I am reading the textbook "Introduction to Modern Algebra, Joyce 2017" and in the Cyclic groups and subgroups section, there is a following sentence about involution.

An involution $a$ is an element of a group which is its own inverse, $a^{-1} = a$. Clearly, the order of an involution $a$ is $2$ unless $a = 1$, in which case the order of $a$ is $1$.

I was trying to come up with a concrete example, but I am having difficulties. Maybe when $a = \frac{1}{2}, \frac{1}{2}^2 = 1$? I also searched the wikipedia page for a concrete example, but wasn't able to find anything.

Can someone provide an example with numbers for me please? I want to understand why the author writes "clearly" that the order of an involution $a$ is $2$. Thank you

Answer 1

Example: in the cyclic group $\mathbb{Z}_{12}$, $6$ is an involution since $6+6=0$ in $\mathbb{Z}_{12}$. More generally, in $\mathbb{Z}_{2n}$, the element $n$ is an involution.

Notice that the requirement $a=a^{-1}$ is equivalent to $aa=1$ (just multiply both sides by $a$). Therefore an involution must satisfy $a^2=1$. So the only way it does not have order $2$ is if it has order smaller than $2$, i.e., $a=1$.

Answer 2

An involution in a group is any non-trivial element of order two (not a subset of them, as the phrase you mention suggests, and also the identity is explicitly omitted).

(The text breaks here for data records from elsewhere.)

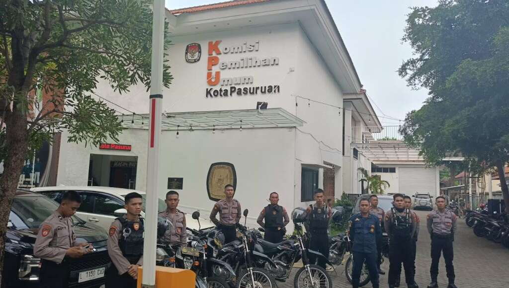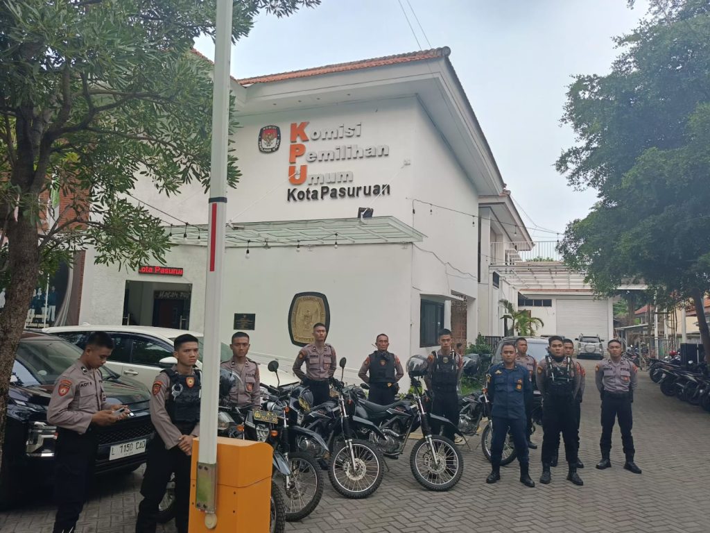 Pada periode pasca-pemungutan suara, anggota Patroli Raimas Polres Pasuruan Kota berada dalam keadaan siaga dan berpatroli di sekitar Kantor KPU. Mereka memastikan bahwa tidak ada gangguan atau insiden yang mengancam keamanan di area tersebut.
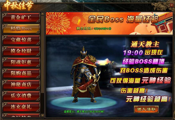 2.活动中,玩家对BOSS造成的伤害,将在活动结束后转换成元神经验并发放;
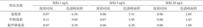 對(duì)低、中、高3個(gè)質(zhì)量濃度(1、5、20 ng/L)的氯霉素混合標(biāo)準(zhǔn)溶液連續(xù)測(cè)定8次,考察分析方法保留時(shí)間和色譜峰面積的相對(duì)標(biāo)準(zhǔn)偏差,結(jié)果見表6。由表6可見,氯霉素類抗生素的保留時(shí)間和色譜峰面積測(cè)試值的相對(duì)標(biāo)準(zhǔn)偏差分別不超過0.11%和9.04%,表明方法精密度高。
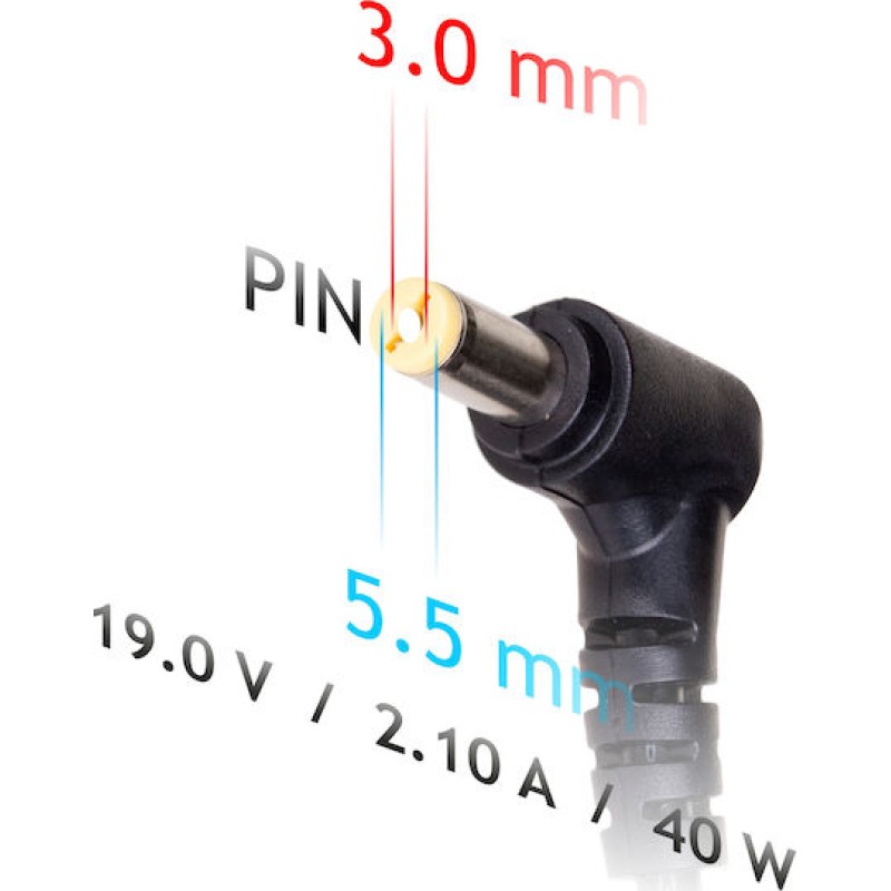 Akyga Φορτιστής Laptop 40W 19V 2.1A για Samsung χωρίς Καλώδιο Τροφοδοσίας (AK-ND-48)

That is, $a$ is an involution if and only if $a\neq1$ and $a^2=1$: $$ \begin{align*} a&=a^{-1}\\ \Leftrightarrow a\cdot a&=a\cdot a^{-1}&\text{(left multiply by $a$)}\\ \Leftrightarrow a^2&=1 \end{align*} $$ For a concrete example of an involution, consider the set $\{0, 1\}$ under addition modulo $2$. Here, the identity is $0$, and $1+1=2=0\pmod2$.

Answer 3

An involution is, in essence, anything that undoes itself. For example, flipping a coin over by one axis, the action of turning a key for certain padlocks, or adding one modulo two.

Answer 4

Take the general linear group $G=GL_n(K)$ and the element $A=-I_n$. It has order $2$ because of $A^2=I_n$ and hence is an involution.